3.5. Bioinformatics, Exposure, Radioiodine Therapy, and Levothyroxine Dose Adjustment
| First Author, Year, Reference | Aim | Technique | Dataset | Sample Size | Performance Metrics |
|---|---|---|---|---|---|
| Atas, 2023 (50) | Prediction of autoimmune concomitant dx with HT | SVM, RF, LR, KNN, MLP, and a ML hybrid model | OMIM, PUBMED, Entrez Gene on NCBI, NCBI dbSNP, and SWISS Prot database | 162 genes | ACC 0.815, precision 0.731, recall 1.0, and F1-score 0.800 |
| Li et al., 2024 (51) | HT diagnosis based on genes | LASSO | HRA001684, GSE29315 and GSE163203 datasets | 2000 highly variant genes | NA |
| Shen et al., 2021 (52) | Prediction of genes of hyperthyroidism | RW-RVM, RF, ANN, and NB | DisGeNET | 269 genes | AUC 0.90 |
| Liu et al., 2023 (54) | Screening Tshr agonists | RF, MLP, SVM, and GAT | Updated TSHR agonist dataset from PubChem fingerprints | 7 molecular representations | RF: AUC 0.984, and ACC 0.941 |
| Xu et al., 2022 (55) | Detection of TSHR inhibitory chemicals | RF, XGB, and LR | Tox21 database | 5952 compounds from a cAMP analysis | RF: ACC 0.85, recall 0.89, and AUC 0.92 |
| Gao et al., 2021 (58) | Prediction of 131i therapeutic dose | BPNN, RBFNN, SVM, BP-AdaBoost, and RF | EMRs (17 features) | 353 patients from several centers | RF: ACC 100% |
| Duan et al., 2022 (57) | Prediction of hypothyroidism after RAIT | ML | EMR (138 clinical and lab test features) | 471 GD patients from 1 center | AUC 0.74 and F1-score 0.74 |
| Chen et al., 2019 (59) | Levothyroxine dosage post-thyroidectomy | DT | LT4 doses and TSH levels | 320 patients from 1 center | Correctly predicted dose adjustment 75%, confidence interval = 65% - 82% |
| Barrio et al., 2023 (60) | Same | ANN, RF, 0LS, and LR | Demographic, clinical, and laboratory data | 951 patients from 1 center | Met postopTSH goal 45.3% |
| Hemmati et al., 2023 (61) | Same | Fuzzy logic | NA | Thyrosim application to simulate thyroid hormone courses of a virtual thyroidectomized patient | NA |
Abbreviations: HT, Hashimoto’s thyroiditis; GD, Graves’ disease; TSHR, thyroid stimulating hormone receptor; RAIT, radioactive iodine therapy; LT4, levothyroxine; LR, logistic regression; XGB, extreme gradient boosting; SVM, support vector machine; ANN, artificial neural network; KNN, K-nearest neighbors; RF, random forest; OLS, ordinary least squares; BP-AdaBoost, back propagation-adaptive boosting; RBFNN, radial basis functions neural Network; MLP, multilayer perceptron; LASSO, least absolute shrinkage and selection Operator; RW-RVM, random walk-relevance vector machine; GAT, graph attention network; BPNN, back propagation neural network; EMR, electronic medical record; NL, normal; AUC, area under curve; ACC, accuracy.

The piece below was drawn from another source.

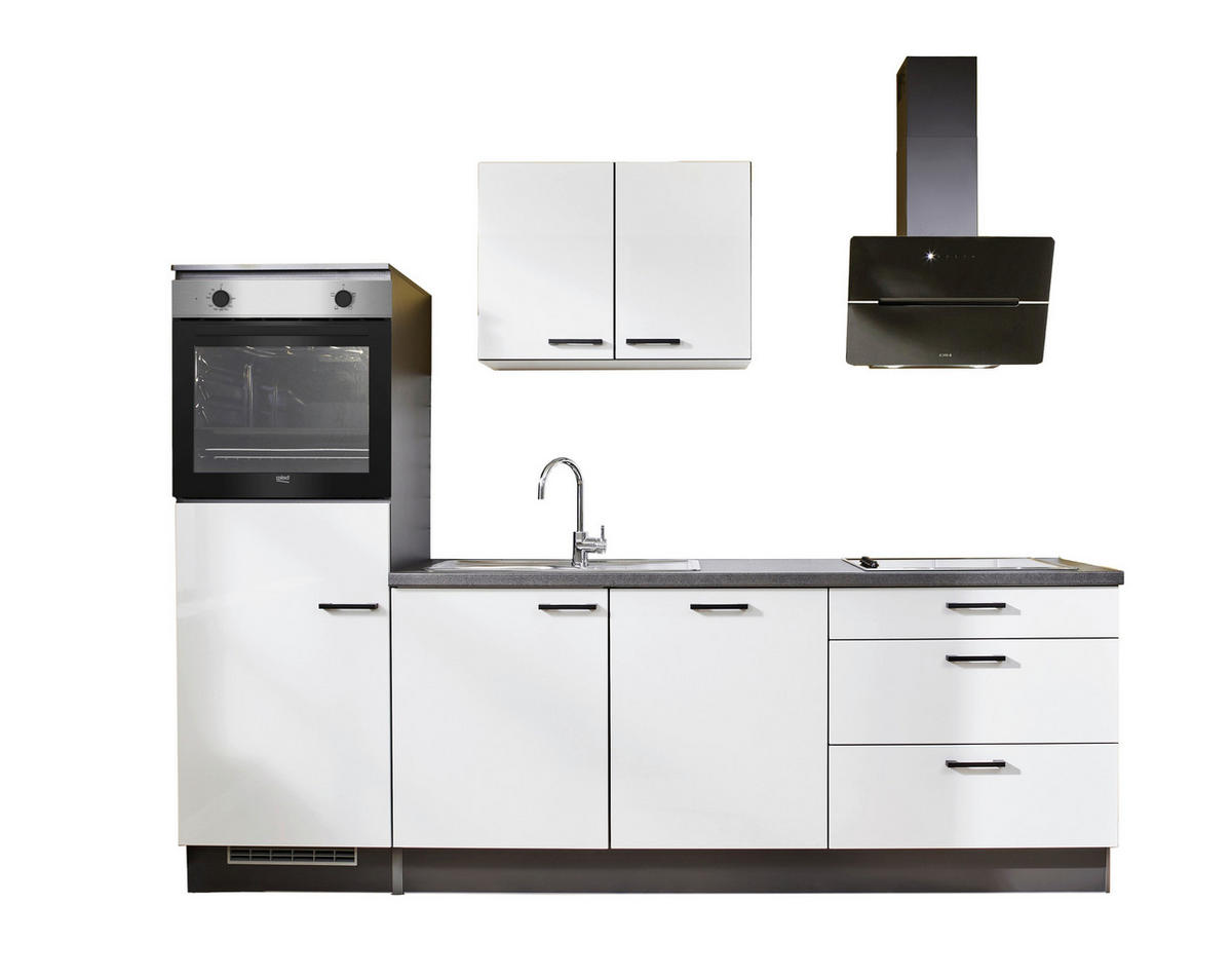 Inkludierte Elektrogeräte: Backofen, Dunstabzugshaube, Geschirrspüler, Kühlschrank mit Gefrierfach, Glaskeramikkochfeld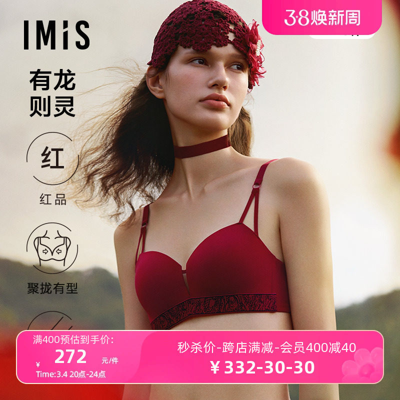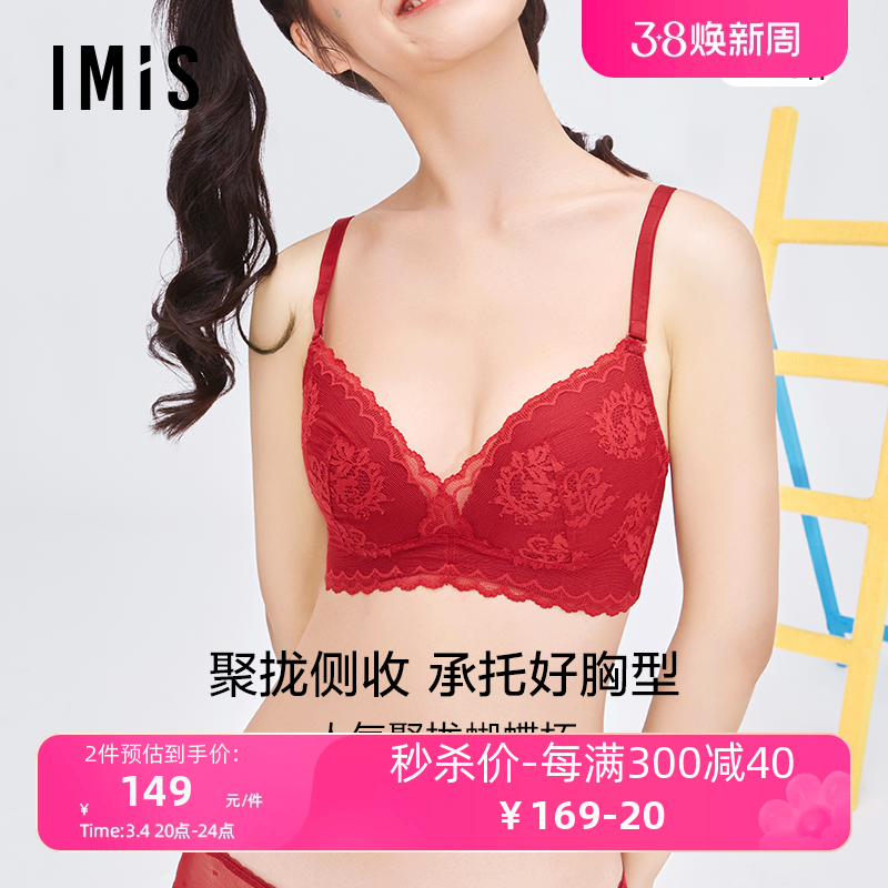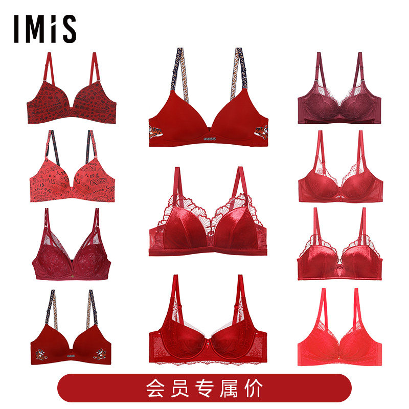 爱美丽IMIS内衣无钢圈小胸聚拢显大蕾丝红品中厚文胸IM17BAZ1

3.6. Thyroid-Associated Ophthalmopathy
| First author, Reference, Number | Aim | Technique | Dataset | Sample Size | Performance Metrics |
|---|---|---|---|---|---|
| Lee et al., 2022 (62) | TAO diagnosis | DL | Orbital CT scans | 99 mild GO, 94 mod-to-severe, and 95 Nl from 1 center | AUC 0.895 - 0.979 |
| Lin et al., 2024 (63) | Same | DL | Orbital CT scans | 459 mild, 355 severe, and 373 Nl from 1 center | ACC 89.5% and AUC 0.96 - 0.99 |
| Lin et al., 2021 (64) | Same | DL | Orbital MRI | 50 active phase and 110 inactive phase from 1 center | ACC 0.863, precision 0.680, and F1-score 0.712 |
| Karlin et al., 2023 (65) | Same | DL | External orbital photographs | 2288 images from 1 clinical dataset | ACC 89.2%, recall 93.4%, precision 79.7%, and F1 score 86.0% |
| Yoo et al., 2020 (66) | Prediction of post-orbital decompression surgery appearance | Generative adversarial network (GAN) | Facial photographs | 109 pairs of matched pre- and postoperative facial images from amGoogle image search | ACC 90.9% and AUC 0.957 |
| Zhai et al., 2021 (67) | Prediction of the therapeutic efficacy of IV glucocorticoids | Binary LR | Orbital MRI and clinical characteristics | 35 responsive and 28 unresponsive orbit | AUC 0.844 |
Abbreviations: TAO: thyroid associated ophthalmopathy; LR: logistic regression; DL: deep learning; CT: computed tomograohy scan; MRI: magnetic resonance imaging; NL: normal; AUC: area under curve; ACC: accuracy.